Ignoring the malformed character, it looks like you're saying you have particle initially located at (1, 1, 3) that travels in a straight line to (5, 9, 4) with initial speed 6 and constant acceleration vector 4i + 8j + k.

Use the fundamental theorem of calculus to determine the velocity function for the particle:

[tex]\vec v(t) = \vec v(0) + \displaystyle \int_0^t \vec a(u) \, du[/tex]

The particle moves in the same direction as the vector

(5i + 9j + 4k) - (i + j + 3k) = 4i + 8j + k

which has magnitude

√(4² + 8² + 1²) = √81 = 9

Normalize the direction vector by dividing it by its magnitude:

(4i + 8j + k)/9 = 4/9 i + 8/9 j + 1/9 k

The particle has initial speed 6, so we must scale this unit vector by a factor of 1/6 to get the initial velocity vector:

6 (4/9 i + 8/9 j + 1/9 k) = 8/3 i + 16/3 j + 2/3 k

Solve for v(t) :

[tex]\vec v(t) = \dfrac83\vec\imath + \dfrac{16}3\vec\jmath + \dfrac23\vec k + \displaystyle \int_0^t \left(4\vec\imath + 8\vec\jmath+\vec k\right) \, du[/tex]

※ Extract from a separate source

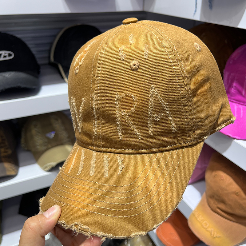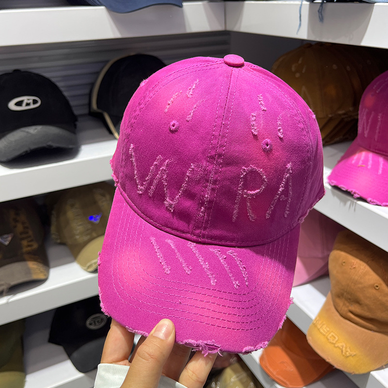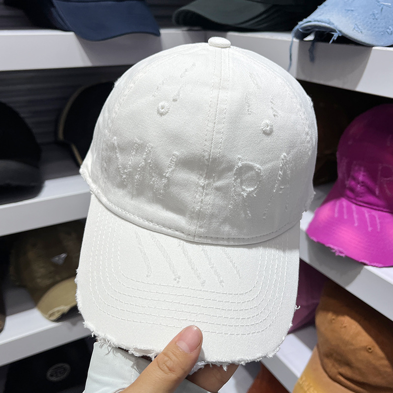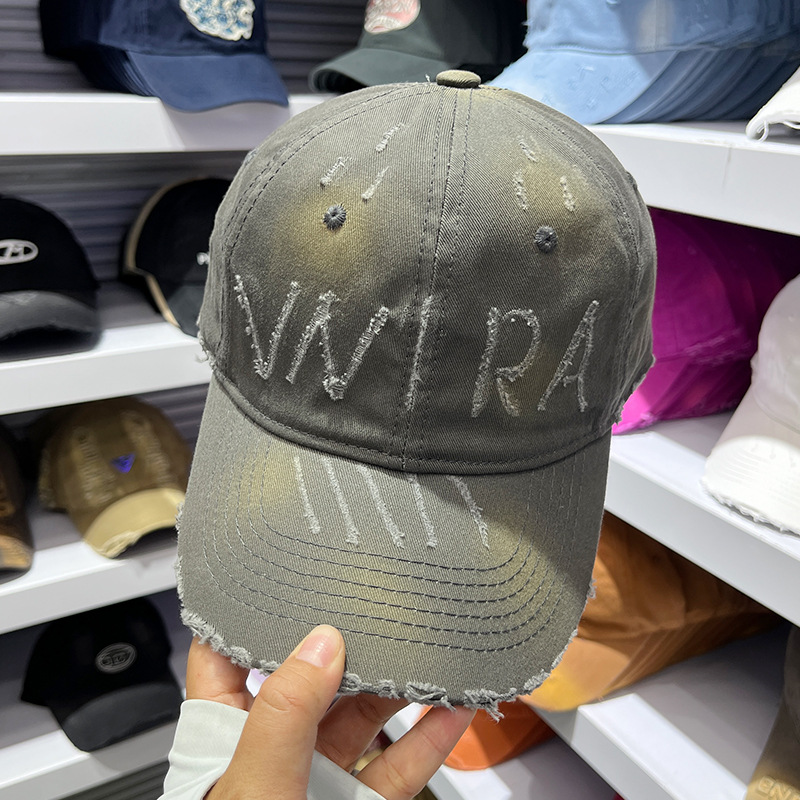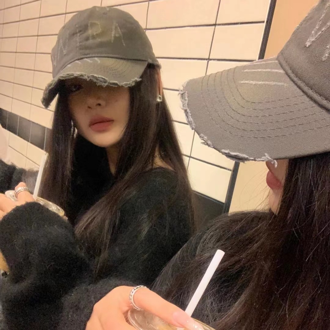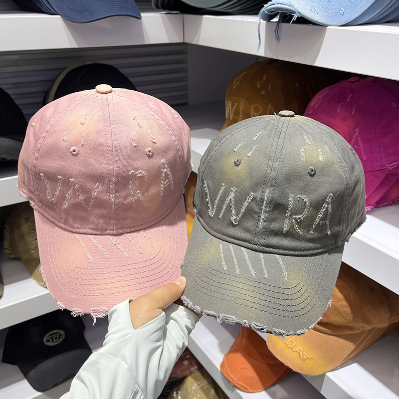 手工磨毛做旧破洞晕染鸭舌帽子女春夏秋季百搭显脸小棒球帽男情侣

[tex]\vec v(t) = \dfrac83\vec\imath + \dfrac{16}3\vec\jmath + \dfrac23\vec k + \left(4t\,\vec\imath + 8t\,\vec\jmath+t\,\vec k\right)[/tex]

[tex]\vec v(t) = \left(\dfrac83+4t\right)\vec\imath + \left(\dfrac{16}3+8t\right)\vec\jmath + \left(\dfrac23+t\right)\vec k[/tex]

Use the fundamental theorem again to find the position vector r(t) :

[tex]\vec r(t) = \vec r(0) + \displaystyle \int_0^t \vec v(u) \, du[/tex]

[tex]\vec r(t) = \vec\imath+\vec\jmath+3\vec k + \displaystyle \int_0^t \left(\left(\dfrac83+4u\right)\vec\imath + \left(\dfrac{16}3+8u\right)\vec\jmath + \left(\dfrac23+u\right)\vec k\right) \, du[/tex]

[tex]\vec r(t) = \vec\imath+\vec\jmath+3\vec k + \left(\left(\dfrac83 t+2t^2\right)\vec\imath + \left(\dfrac{16}3t+4t^2\right)\vec\jmath + \left(\dfrac23t+\dfrac12t^2\right)\vec k\right)[/tex]

[tex]\vec r(t) = \left(1+\dfrac83 t+2t^2\right)\vec\imath + \left(1+\dfrac{16}3t+4t^2\right)\vec\jmath + \left(3+\dfrac23t+\dfrac12t^2\right)\vec k[/tex]